Movies & TV / Columns

411 Talks w/Cynthia Rothrock About Her New Film The Martial Arts Kid

October 28, 2017 | Posted by Bryan Kristopowitz

The 411 Interview: Cynthia Rothrock


If you’re a fan of martial arts movies, action flicks, and the various hybrids of both, you no doubt know who Cynthia Rothrock is. She is, without question, a martial arts and action movie legend. She has black belts in multiple martial arts, and she’s been kicking butt onscreen since 1985 all over the world. As of this writing, she has appeared in well over thirty movies, and she’s still rocking it today. Rothrock recently appeared alongside fellow martial arts and action movie legend Don “The Dragon” Wilson in the family action epic The Martial Arts Kid. Ms. Rothrock recently took time out of her busy schedule to talk with this writer about The Martial Arts Kid and her career in general.



Bryan Kristopowitz: How did you get involved with The Martial Arts Kid, and what made you want to do it?

Cynthia Rothrock: James Wilson asked if I would be interested in doing a family film. Being a mom, I said I would love to since it would be something different than anything I’ve done before. I’ve always wanted to do a children’s show or a movie that has a good message for children and is inspirational.

BK: How did you prepare for your The Martial Arts Kid character Cindy?

CR: It was pretty much me, so I didn’t have to prepare too much. I am a mom, was a wife, and a martial arts teacher.


BK: What was it like working with Don “The Dragon” Wilson as a married couple in The Martial Arts Kid?

CR: Don and I have been friends for over thirty years. I consider him to be one of my closest friends. Since we know each other well, been through a lot together, it was easy to play husband and wife.

BK: What’s it like making a sort of family oriented action movie like The Martial Arts Kid as opposed to making a more traditional action movie like Rage and Honor?

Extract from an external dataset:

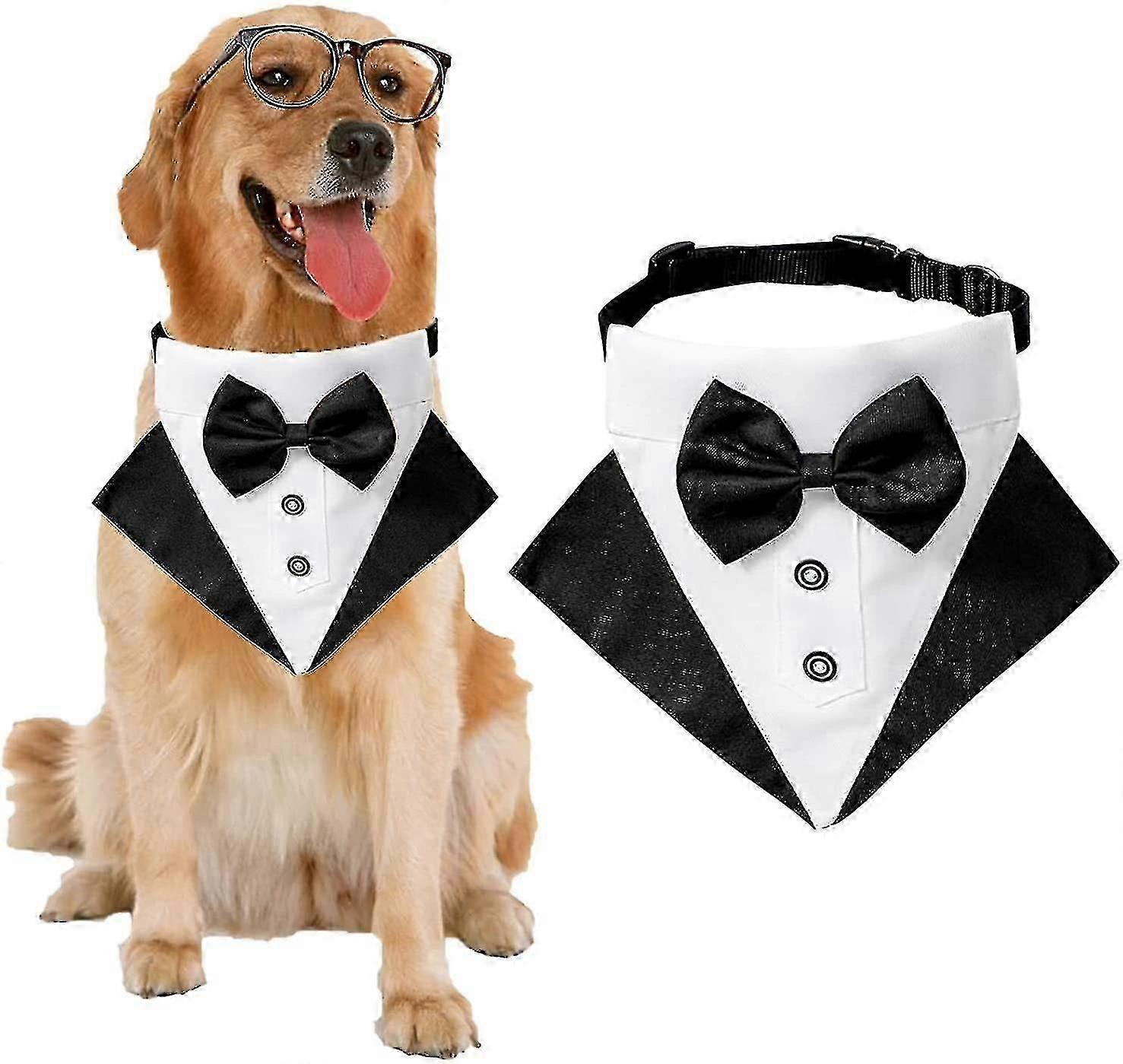 Formal Dog Tuxedo Bandana Dog Wedding Bandana Dog Collar With Bow Tie Adjustable Small

CR: I love doing both. I like the hard tough action of Rage and Honor, and I love the sweet message The Martial Arts Kid has for kids to not tolerate bullying.

BK: What’s it like making a movie in Florida?

CR: I love Florida. I want to have a second home there some day. After work you can go to the beach, and the water is warm. The locations were quite beautiful in the film. It is quite hot and you sweat all of the time, and our clothes were sweaty but glad we are going back there for part 2.


BK: How often do you get into seemingly random street brawls with bad guys like Cindy in The Martial Arts Kid?

CR: I have never gotten into a street brawl or any kind of fight. I think once you know how to protect yourself you also know how to avoid dangerous situations.

BK: What would you like to see in a sequel to The Martial Arts Kid?

CR: We are doing the sequel, The Martial Arts Kid 2: Payback. It will still have a great message but this time the fights are going to be more serious and brutal.

BK: How has the action genre changed since you started making action movies?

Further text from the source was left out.